▶ [About this task]: For every record, give an exact copy that has no pictures in it.

Stored items from a collection
..........
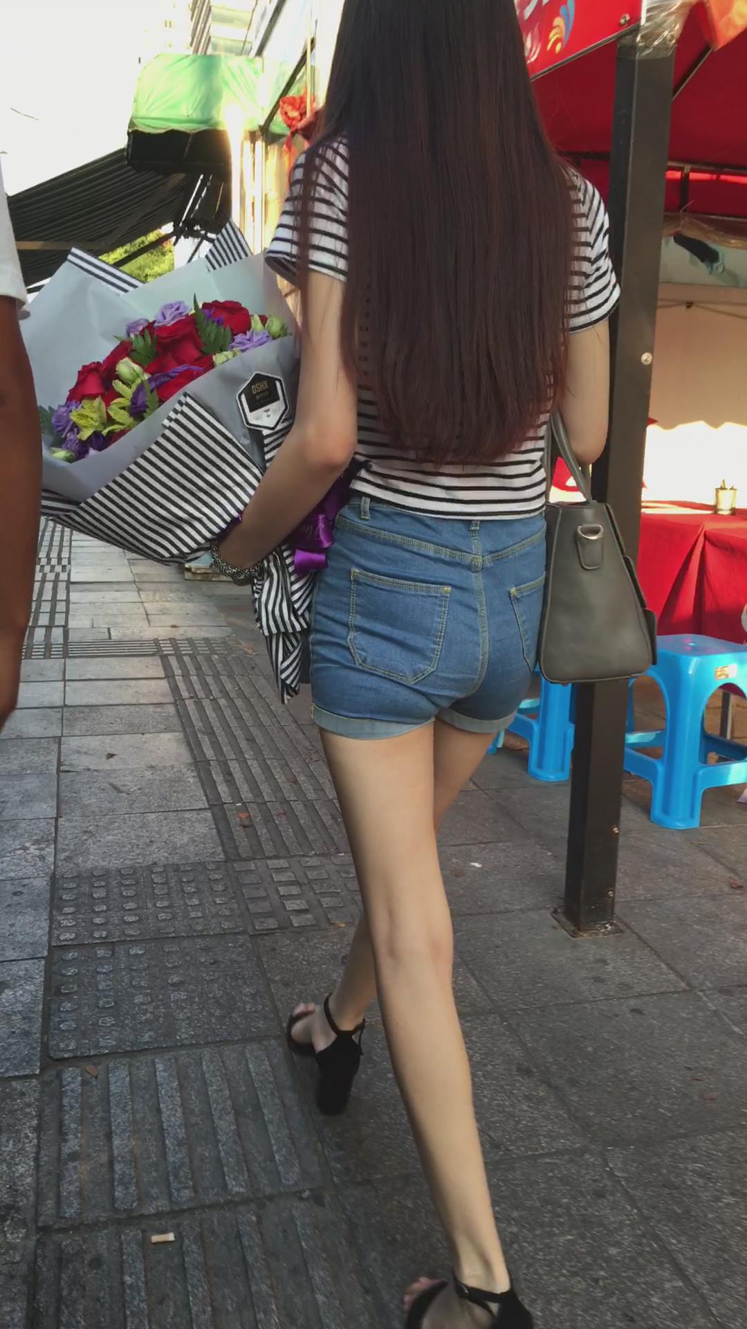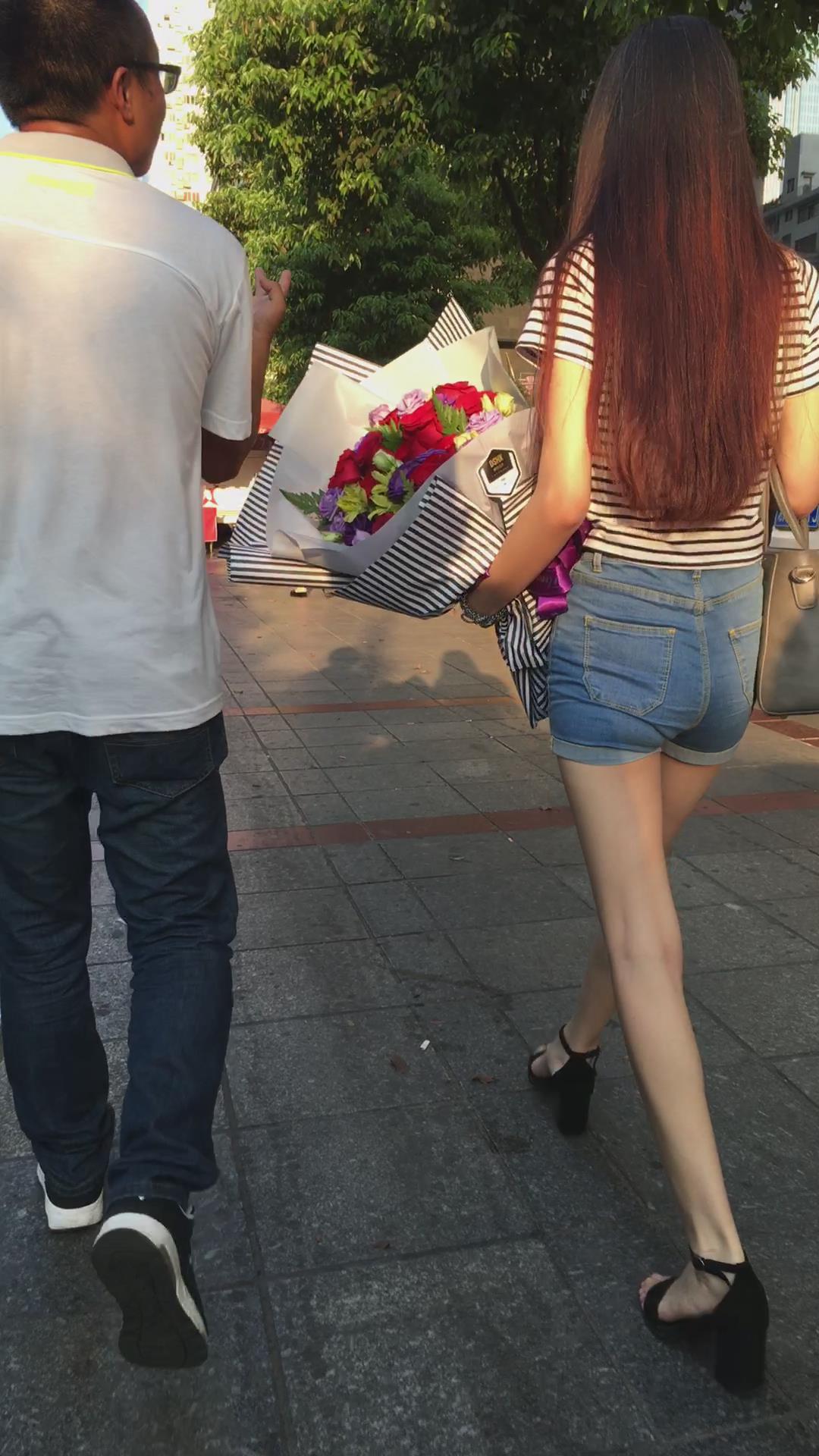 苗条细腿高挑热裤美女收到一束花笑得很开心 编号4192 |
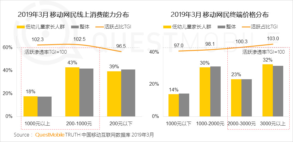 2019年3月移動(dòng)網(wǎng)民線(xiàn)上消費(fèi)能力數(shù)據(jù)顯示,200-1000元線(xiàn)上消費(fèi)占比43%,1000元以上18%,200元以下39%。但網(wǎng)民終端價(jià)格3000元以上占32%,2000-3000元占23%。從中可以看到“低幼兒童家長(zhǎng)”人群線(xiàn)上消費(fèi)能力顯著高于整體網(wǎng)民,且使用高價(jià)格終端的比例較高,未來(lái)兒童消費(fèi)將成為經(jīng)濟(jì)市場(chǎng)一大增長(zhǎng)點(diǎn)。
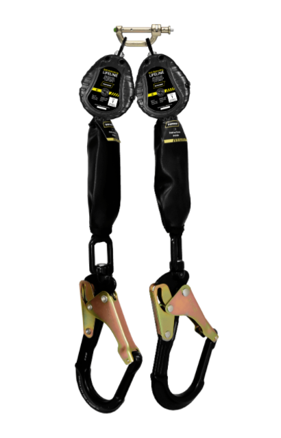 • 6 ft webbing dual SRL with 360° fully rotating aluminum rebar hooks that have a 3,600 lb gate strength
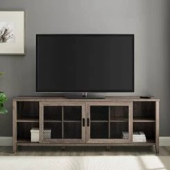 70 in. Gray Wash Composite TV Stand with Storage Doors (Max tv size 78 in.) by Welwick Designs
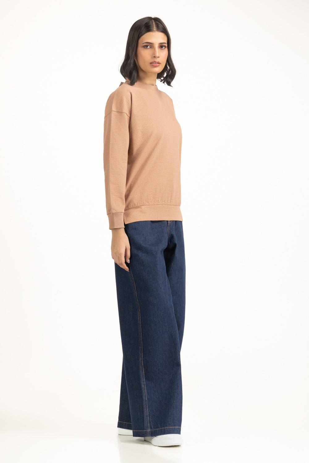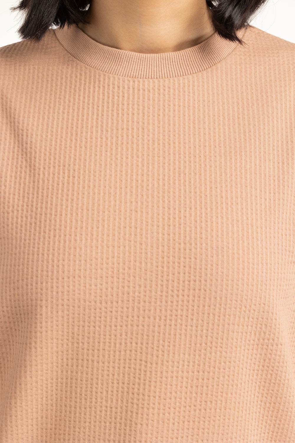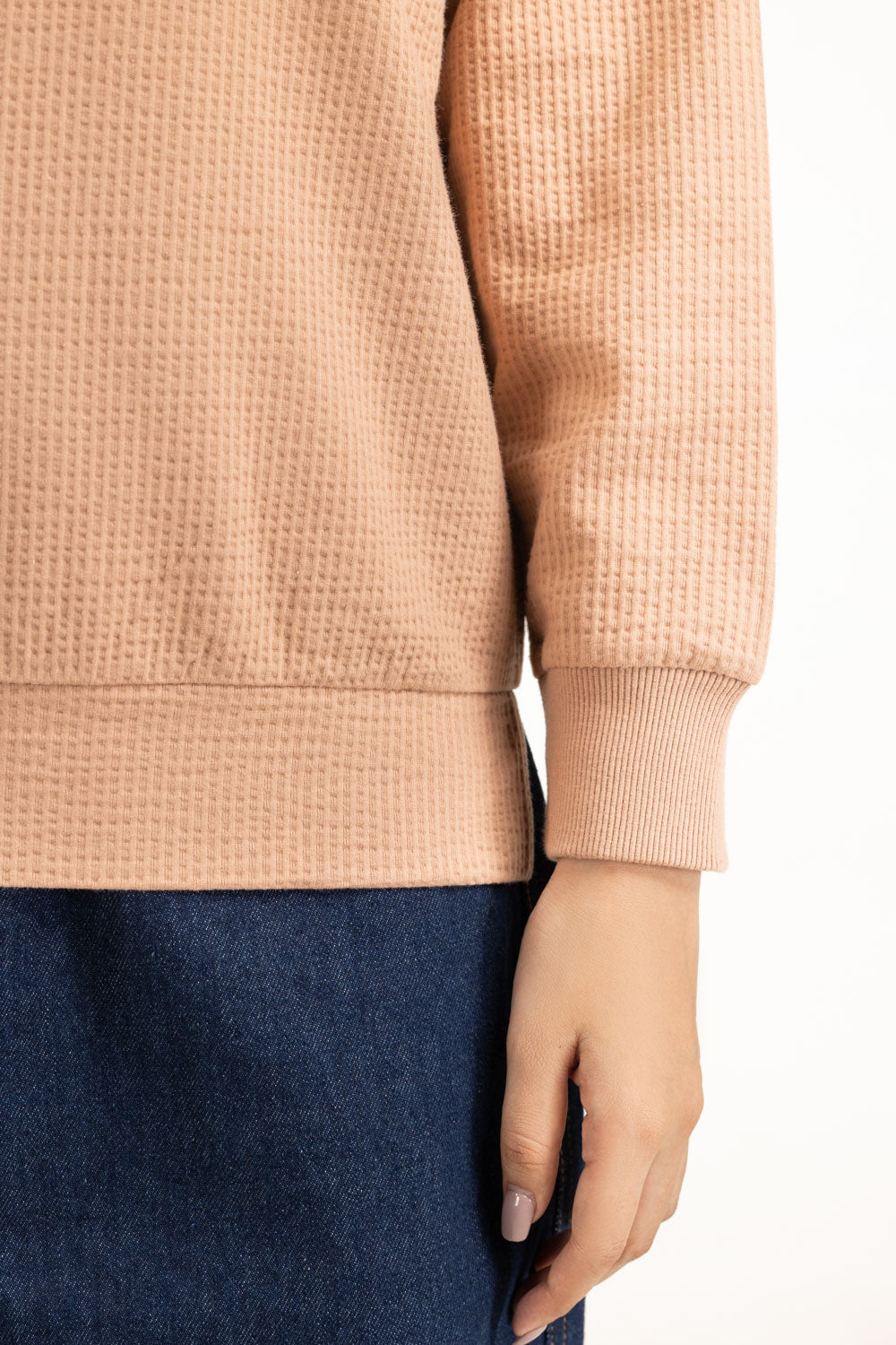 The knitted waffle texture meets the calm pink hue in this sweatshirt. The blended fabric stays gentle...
..........
▶ [Exercise result]:
 苗条细腿高挑热裤美女收到一束花笑得很开心 编号4192 |
 2019年3月移動(dòng)網(wǎng)民線(xiàn)上消費(fèi)能力數(shù)據(jù)顯示,200-1000元線(xiàn)上消費(fèi)占比43%,1000元以上18%,200元以下39%。但網(wǎng)民終端價(jià)格3000元以上占32%,2000-3000元占23%。從中可以看到“低幼兒童家長(zhǎng)”人群線(xiàn)上消費(fèi)能力顯著高于整體網(wǎng)民,且使用高價(jià)格終端的比例較高,未來(lái)兒童消費(fèi)將成為經(jīng)濟(jì)市場(chǎng)一大增長(zhǎng)點(diǎn)。
 • 6 ft webbing dual SRL with 360° fully rotating aluminum rebar hooks that have a 3,600 lb gate strength
 70 in. Gray Wash Composite TV Stand with Storage Doors (Max tv size 78 in.) by Welwick Designs
 The knitted waffle texture meets the calm pink hue in this sweatshirt. The blended fabric stays gentle...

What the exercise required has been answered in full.